BRIEF: Since the records include pictures, leave those out while you reproduce exactly and only the lines from the one containing "KOTA BANDUNG –" through the one containing "Made of 14k", inclusive.

Extracted records:
★ ★ ★ ★ ★ ★ ★
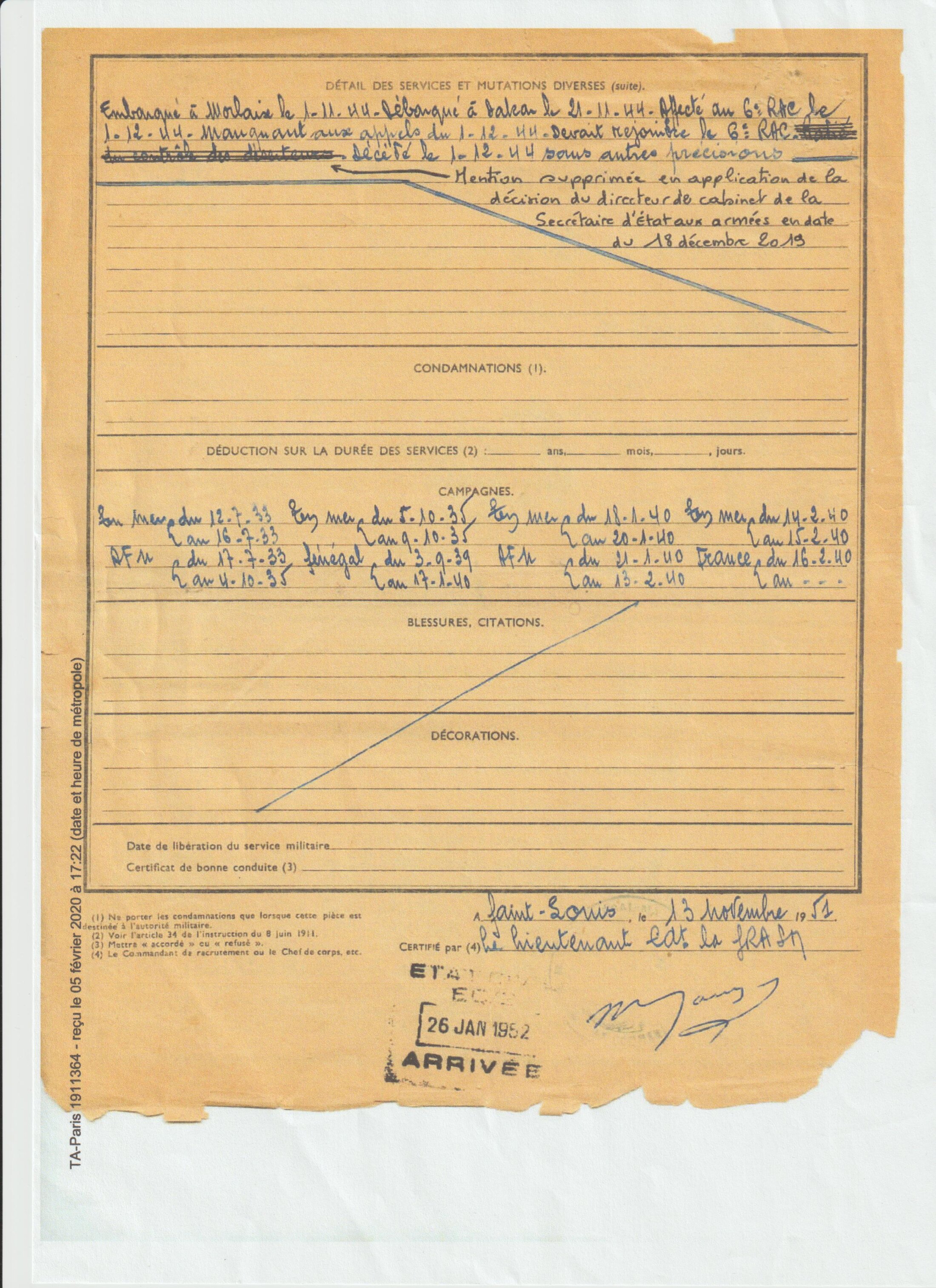 En janvier 1952, l'administration considérait mon père comme « non-rentré » mais aussi « déserteur » comme l'indique son état signalétique et des services daté du 13 novembre 1951. Le ministre de la Guerre, dans un courrier vraisemblablement rédigé en 1952, signale que mon père, ancien prisonnier de guerre, aurait été hospitalisé à Dakar dès son débarquement et qu'il manquait à l'appel du 12 décembre 1944.
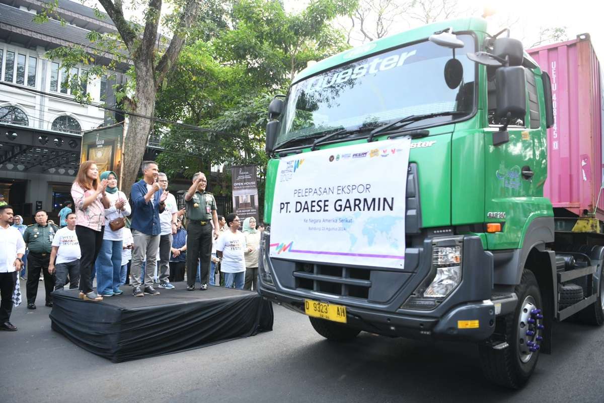 KOTA BANDUNG – Penjabat (Pj.) Gubernur Jawa Barat Bey Machmudin melepas ekspor garmen PT Daese Garmin ke Amerika Serikat di Jl. Diponegoro, Kota Bandung, Jumat (23/8/2024).
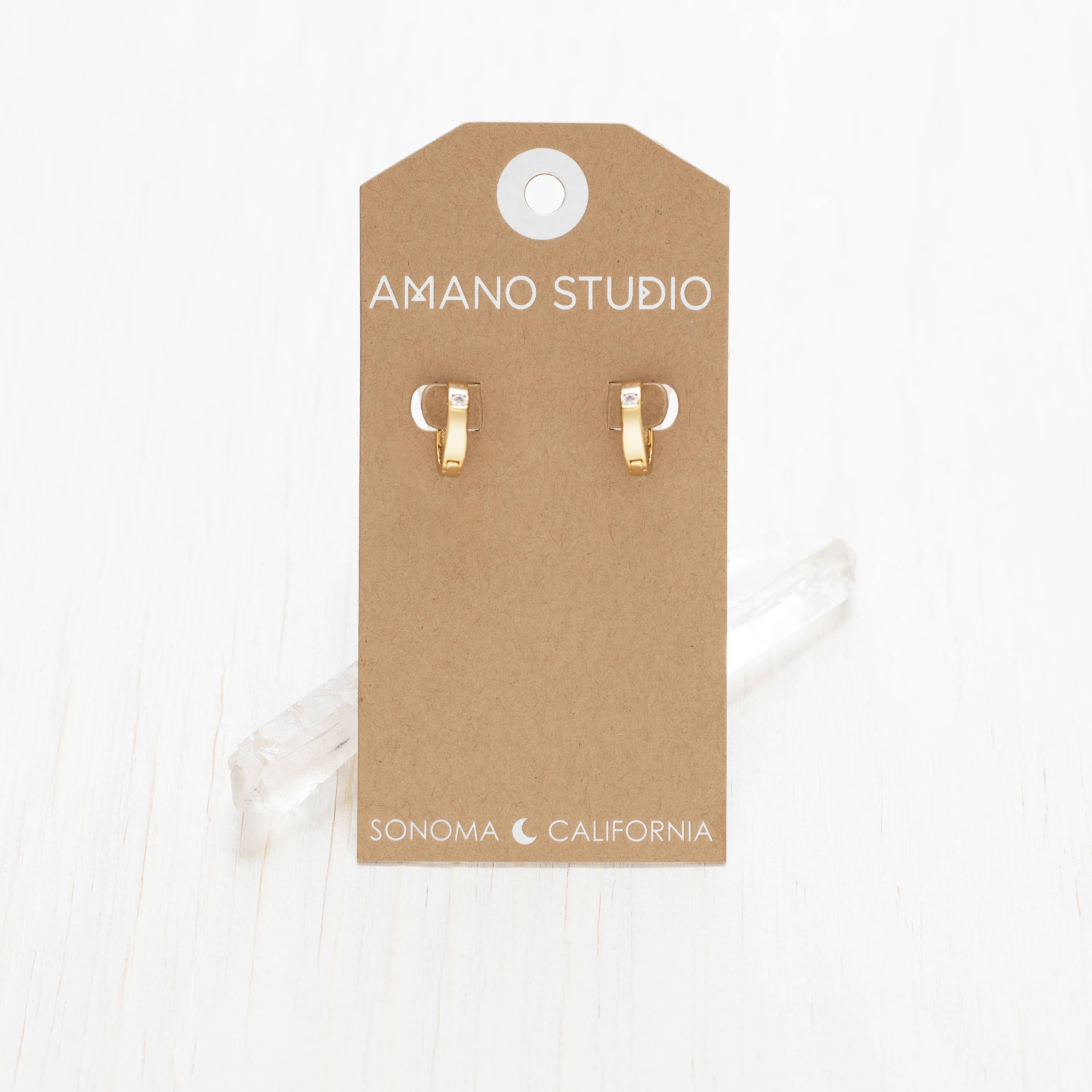 Made of 14k gold plated brass + coated to resist tarnish and create a hypoallergenic surface.
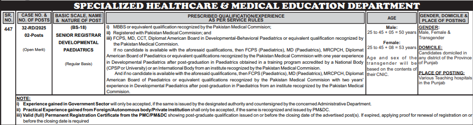 | PRESCRIBED QUALIFICATION/EXPERIENCE AS PER SERVICE RULES | i) MBBS or equivalent qualification recognized by the Pakistan Medical Commision; ii) Registered with Pakistan Medical Commision; and iii) FCPS, MD, CCT, Diplomat American Board in Developmental-Behavioral Paediatrics or equivalent qualification recognized by the Pakistan Medical Commision. If no candidate is available with the aforesaid qualifications, then FCPS (Paediatrics), MD (Paediatrics), MRCPCH, Diplomat American Board of Paediatrics or equivalent qualifications recognized by the Pakistan Medical Commision with one year experience in Developmental Paediatrics after post-graduation in Paediatrics obtained in a training program accredited by a National Body (CPSPor University) or an International Body from an institute recognized by the Pakistan Medical Commision. And if no candidate is available with the aforesaid qualifications, then FCPS (Paediatrics), MD (Paediatrics), MRCPCH, Diplomat American Board of Paediatrics or equivalent qualifications recognized by the Pakistan Medical Commision with two years’ experience in Developmental Paediatrics after post-graduation in Paediatrics from an institute recognized by the Pakistan Medical Commision. |
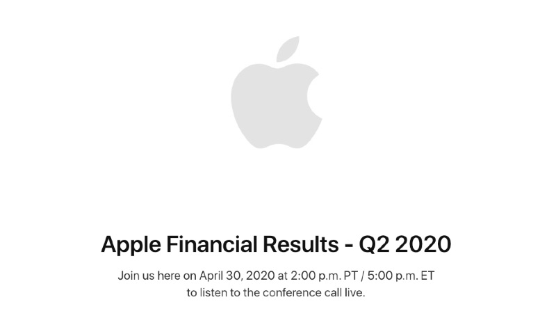 Apple on Tuesday announced it will share fiscal second quarter (first calendar quarter) 2020 earnings results on Thursday, April 30.
★ ★ ★ ★ ★ ★ ★
OUTPUT:
 KOTA BANDUNG – Penjabat (Pj.) Gubernur Jawa Barat Bey Machmudin melepas ekspor garmen PT Daese Garmin ke Amerika Serikat di Jl. Diponegoro, Kota Bandung, Jumat (23/8/2024).
 Made of 14k gold plated brass + coated to resist tarnish and create a hypoallergenic surface.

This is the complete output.